━━ Dataset excerpts

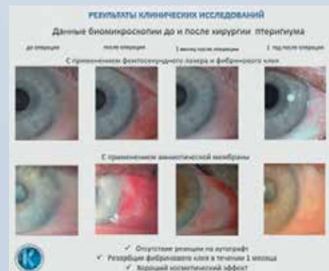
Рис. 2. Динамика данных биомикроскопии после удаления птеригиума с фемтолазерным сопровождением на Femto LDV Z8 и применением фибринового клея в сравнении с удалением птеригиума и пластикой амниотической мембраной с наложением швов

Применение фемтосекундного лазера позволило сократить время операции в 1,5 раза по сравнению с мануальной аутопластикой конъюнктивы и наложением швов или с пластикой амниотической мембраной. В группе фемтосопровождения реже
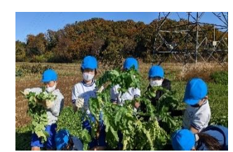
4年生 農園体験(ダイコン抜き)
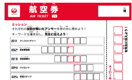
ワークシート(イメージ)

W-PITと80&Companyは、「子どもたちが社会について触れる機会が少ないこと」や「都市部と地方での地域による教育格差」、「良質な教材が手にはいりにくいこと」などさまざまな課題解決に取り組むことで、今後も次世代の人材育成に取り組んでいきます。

━━━━
━━ Dataset excerpts

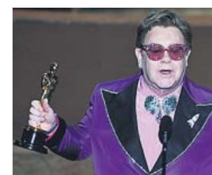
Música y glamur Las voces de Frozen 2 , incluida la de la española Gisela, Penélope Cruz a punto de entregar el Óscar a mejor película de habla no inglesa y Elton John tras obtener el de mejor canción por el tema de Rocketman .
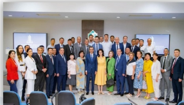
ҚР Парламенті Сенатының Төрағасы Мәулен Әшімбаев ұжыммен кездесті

━━━━

### What is needed
Output exactly, and only, the lines of the entries above from the one with "Música y glamur" up to and including the one with "ҚР Парламенті Сенатының"; pictures are to be left out.

### Task result
Música y glamur Las voces de Frozen 2 , incluida la de la española Gisela, Penélope Cruz a punto de entregar el Óscar a mejor película de habla no inglesa y Elton John tras obtener el de mejor canción por el tema de Rocketman .
ҚР Парламенті Сенатының Төрағасы Мәулен Әшімбаев ұжыммен кездесті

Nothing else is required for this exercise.